_Exercise:_ Set down, character for character, everything in the records below from the line holding "1. 多空布林通道 (UPR/DWN):基于BBI均线计算上下轨,用于识别趋势和波动区间。" down to the line holding "In the image, there", and no other line.

*** Input material ***

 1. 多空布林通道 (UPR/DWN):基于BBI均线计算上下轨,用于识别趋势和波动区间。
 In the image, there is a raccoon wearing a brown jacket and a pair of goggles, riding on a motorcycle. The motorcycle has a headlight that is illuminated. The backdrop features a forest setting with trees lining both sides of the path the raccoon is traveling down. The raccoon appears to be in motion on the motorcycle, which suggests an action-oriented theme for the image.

***
*** Input material ***

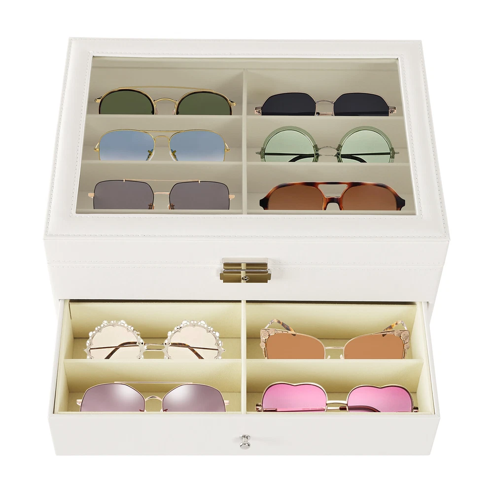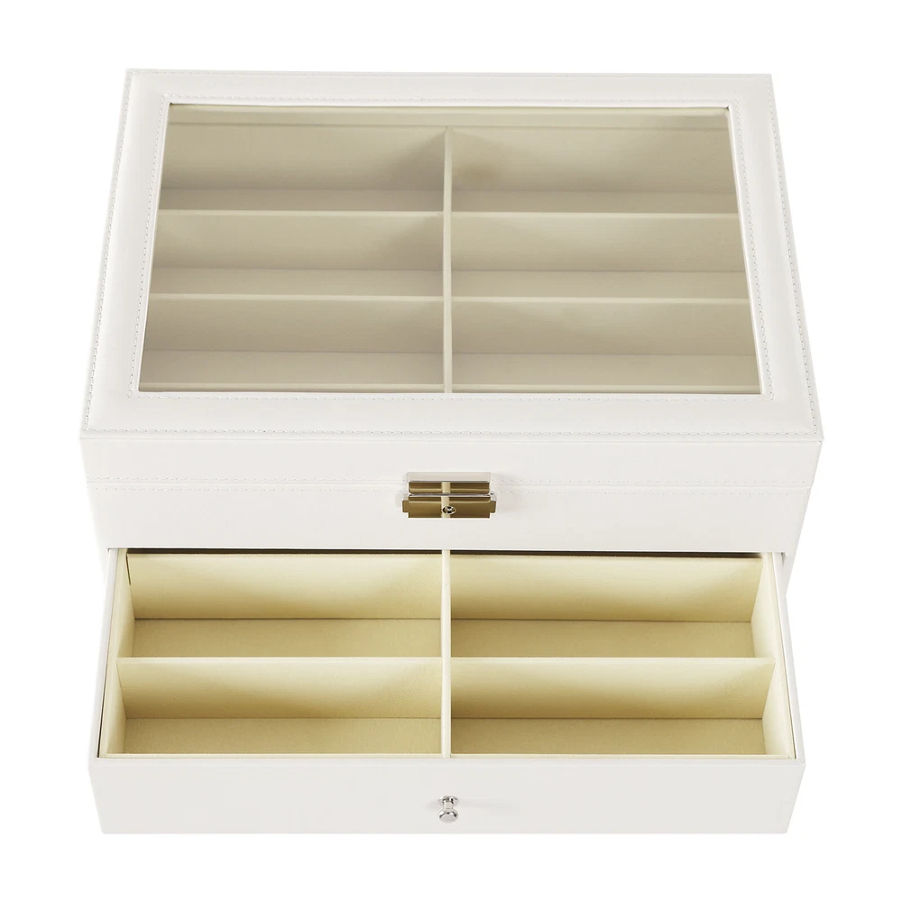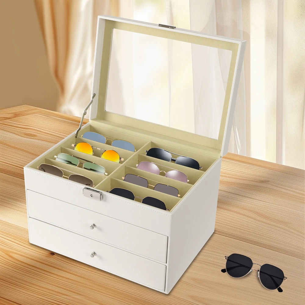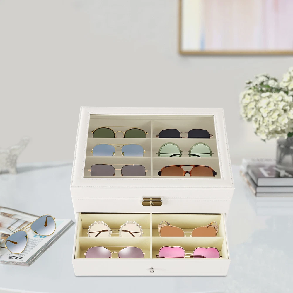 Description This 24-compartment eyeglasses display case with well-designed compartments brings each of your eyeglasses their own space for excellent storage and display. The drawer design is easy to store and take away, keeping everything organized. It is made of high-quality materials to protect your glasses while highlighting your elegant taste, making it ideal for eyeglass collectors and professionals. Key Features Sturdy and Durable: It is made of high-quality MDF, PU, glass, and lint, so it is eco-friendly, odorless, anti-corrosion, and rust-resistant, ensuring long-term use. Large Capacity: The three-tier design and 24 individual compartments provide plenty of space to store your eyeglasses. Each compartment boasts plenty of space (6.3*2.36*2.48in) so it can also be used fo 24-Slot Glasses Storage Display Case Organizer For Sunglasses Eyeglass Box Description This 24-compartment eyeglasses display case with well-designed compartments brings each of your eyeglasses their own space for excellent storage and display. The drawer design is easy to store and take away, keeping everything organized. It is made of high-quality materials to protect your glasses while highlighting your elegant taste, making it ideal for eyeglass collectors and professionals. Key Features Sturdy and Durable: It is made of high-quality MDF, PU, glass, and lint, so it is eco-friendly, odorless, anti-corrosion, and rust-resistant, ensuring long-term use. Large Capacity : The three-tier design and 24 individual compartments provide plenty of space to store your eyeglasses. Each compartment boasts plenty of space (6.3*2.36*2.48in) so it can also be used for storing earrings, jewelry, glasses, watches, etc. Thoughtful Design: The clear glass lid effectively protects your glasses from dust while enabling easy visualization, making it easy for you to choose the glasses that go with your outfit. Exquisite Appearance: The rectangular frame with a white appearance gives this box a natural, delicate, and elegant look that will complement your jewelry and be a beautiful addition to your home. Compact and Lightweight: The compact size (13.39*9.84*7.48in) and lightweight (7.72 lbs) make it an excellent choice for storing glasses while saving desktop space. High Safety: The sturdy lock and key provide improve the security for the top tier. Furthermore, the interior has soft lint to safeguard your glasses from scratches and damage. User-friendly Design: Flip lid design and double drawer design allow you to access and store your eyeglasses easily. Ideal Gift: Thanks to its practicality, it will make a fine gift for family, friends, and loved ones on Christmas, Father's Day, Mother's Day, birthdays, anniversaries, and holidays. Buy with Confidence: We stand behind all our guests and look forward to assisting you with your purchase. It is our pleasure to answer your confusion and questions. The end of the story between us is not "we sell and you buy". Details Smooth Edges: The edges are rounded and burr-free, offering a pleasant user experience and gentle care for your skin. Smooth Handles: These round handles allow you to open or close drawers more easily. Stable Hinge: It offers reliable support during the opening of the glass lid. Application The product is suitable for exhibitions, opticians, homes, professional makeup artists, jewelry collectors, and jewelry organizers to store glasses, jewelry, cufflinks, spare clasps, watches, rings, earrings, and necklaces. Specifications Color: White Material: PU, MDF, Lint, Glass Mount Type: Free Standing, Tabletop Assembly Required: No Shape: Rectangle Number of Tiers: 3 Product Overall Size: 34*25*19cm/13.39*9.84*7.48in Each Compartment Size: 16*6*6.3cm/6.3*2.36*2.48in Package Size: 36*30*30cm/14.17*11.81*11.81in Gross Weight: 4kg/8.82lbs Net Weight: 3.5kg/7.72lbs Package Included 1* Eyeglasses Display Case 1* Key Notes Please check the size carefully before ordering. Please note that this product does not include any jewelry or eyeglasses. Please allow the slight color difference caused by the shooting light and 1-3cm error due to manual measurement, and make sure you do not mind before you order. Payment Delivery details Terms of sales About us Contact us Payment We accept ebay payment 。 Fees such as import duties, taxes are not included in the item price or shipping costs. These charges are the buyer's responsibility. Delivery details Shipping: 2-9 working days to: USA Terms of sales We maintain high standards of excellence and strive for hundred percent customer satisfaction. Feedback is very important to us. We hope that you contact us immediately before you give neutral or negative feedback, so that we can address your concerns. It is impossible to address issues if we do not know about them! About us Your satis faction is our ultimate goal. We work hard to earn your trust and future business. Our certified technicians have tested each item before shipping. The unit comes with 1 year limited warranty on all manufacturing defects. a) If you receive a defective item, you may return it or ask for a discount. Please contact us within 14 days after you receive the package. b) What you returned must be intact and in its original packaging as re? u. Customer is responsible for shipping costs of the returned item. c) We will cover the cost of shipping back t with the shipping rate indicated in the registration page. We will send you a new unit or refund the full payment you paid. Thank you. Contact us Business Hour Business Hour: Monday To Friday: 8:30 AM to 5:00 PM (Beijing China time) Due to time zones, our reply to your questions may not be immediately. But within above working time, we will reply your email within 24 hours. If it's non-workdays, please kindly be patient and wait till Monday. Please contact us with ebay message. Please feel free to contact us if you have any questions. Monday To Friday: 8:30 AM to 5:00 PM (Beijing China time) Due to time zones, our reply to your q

***

_Reply:_
 1. 多空布林通道 (UPR/DWN):基于BBI均线计算上下轨,用于识别趋势和波动区间。
 In the image, there is a raccoon wearing a brown jacket and a pair of goggles, riding on a motorcycle. The motorcycle has a headlight that is illuminated. The backdrop features a forest setting with trees lining both sides of the path the raccoon is traveling down. The raccoon appears to be in motion on the motorcycle, which suggests an action-oriented theme for the image.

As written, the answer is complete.